Exercise aim » Please write out the whole listing that follows exactly; the pictures stay out.

The data »
==============================

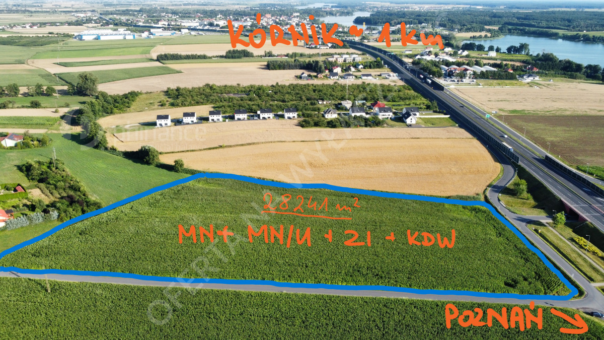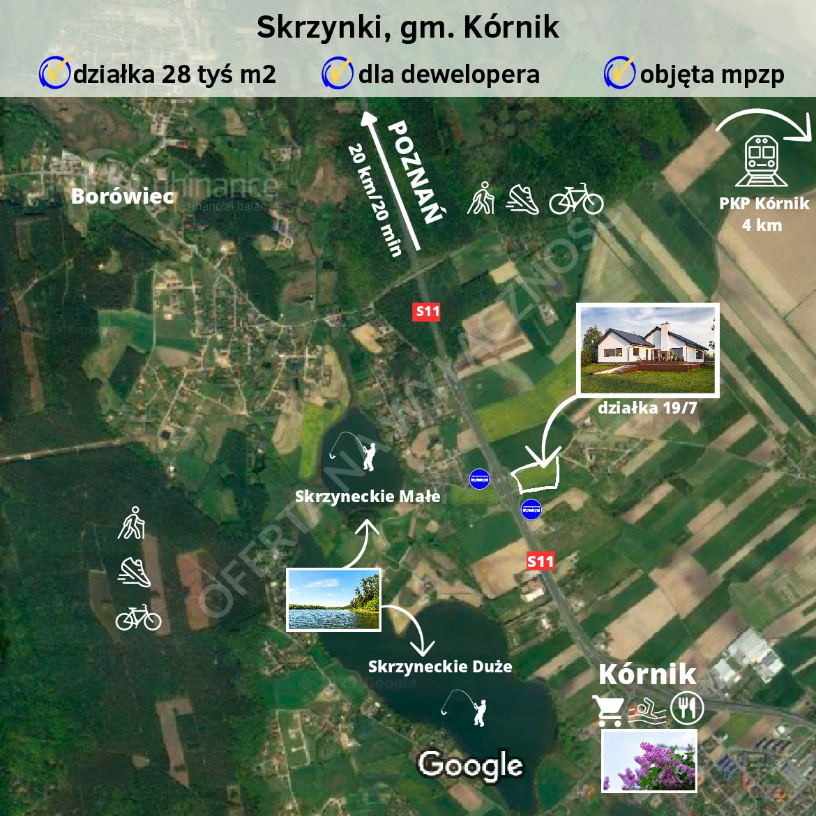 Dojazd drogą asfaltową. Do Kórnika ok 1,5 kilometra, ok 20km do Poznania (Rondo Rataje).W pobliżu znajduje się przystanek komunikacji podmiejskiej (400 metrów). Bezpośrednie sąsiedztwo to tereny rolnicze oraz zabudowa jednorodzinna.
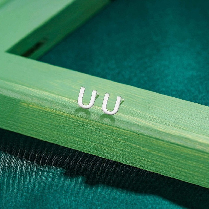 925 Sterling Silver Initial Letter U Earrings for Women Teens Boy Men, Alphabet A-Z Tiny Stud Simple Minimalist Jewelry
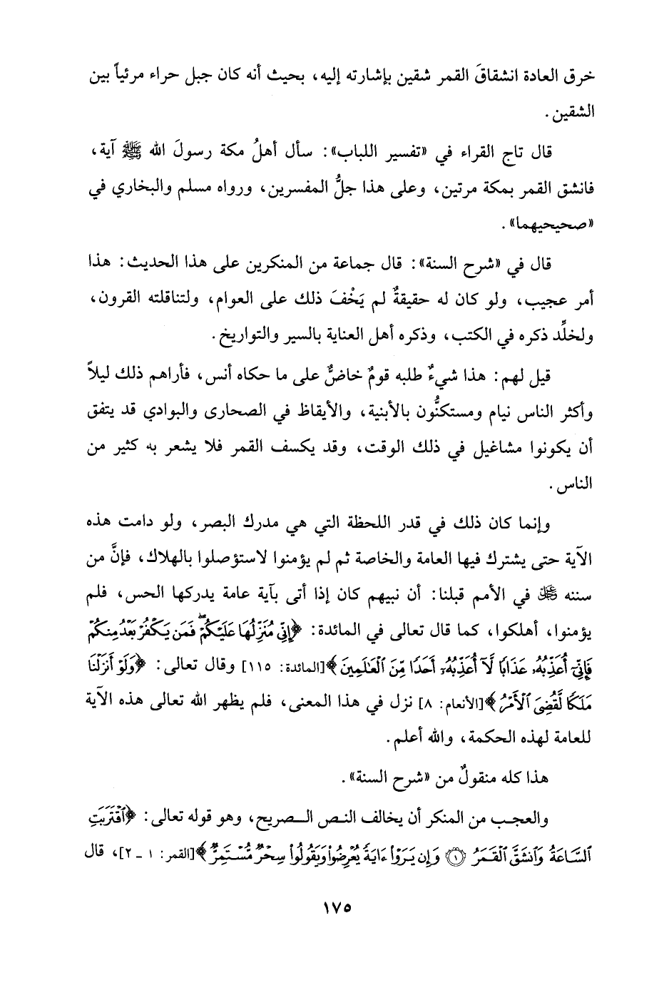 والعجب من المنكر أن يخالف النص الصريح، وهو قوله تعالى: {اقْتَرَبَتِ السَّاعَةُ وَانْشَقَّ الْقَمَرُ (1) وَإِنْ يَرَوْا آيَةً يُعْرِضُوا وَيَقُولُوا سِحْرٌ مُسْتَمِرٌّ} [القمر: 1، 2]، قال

==============================

Answer below »
 Dojazd drogą asfaltową. Do Kórnika ok 1,5 kilometra, ok 20km do Poznania (Rondo Rataje).W pobliżu znajduje się przystanek komunikacji podmiejskiej (400 metrów). Bezpośrednie sąsiedztwo to tereny rolnicze oraz zabudowa jednorodzinna.
 925 Sterling Silver Initial Letter U Earrings for Women Teens Boy Men, Alphabet A-Z Tiny Stud Simple Minimalist Jewelry
 والعجب من المنكر أن يخالف النص الصريح، وهو قوله تعالى: {اقْتَرَبَتِ السَّاعَةُ وَانْشَقَّ الْقَمَرُ (1) وَإِنْ يَرَوْا آيَةً يُعْرِضُوا وَيَقُولُوا سِحْرٌ مُسْتَمِرٌّ} [القمر: 1، 2]، قال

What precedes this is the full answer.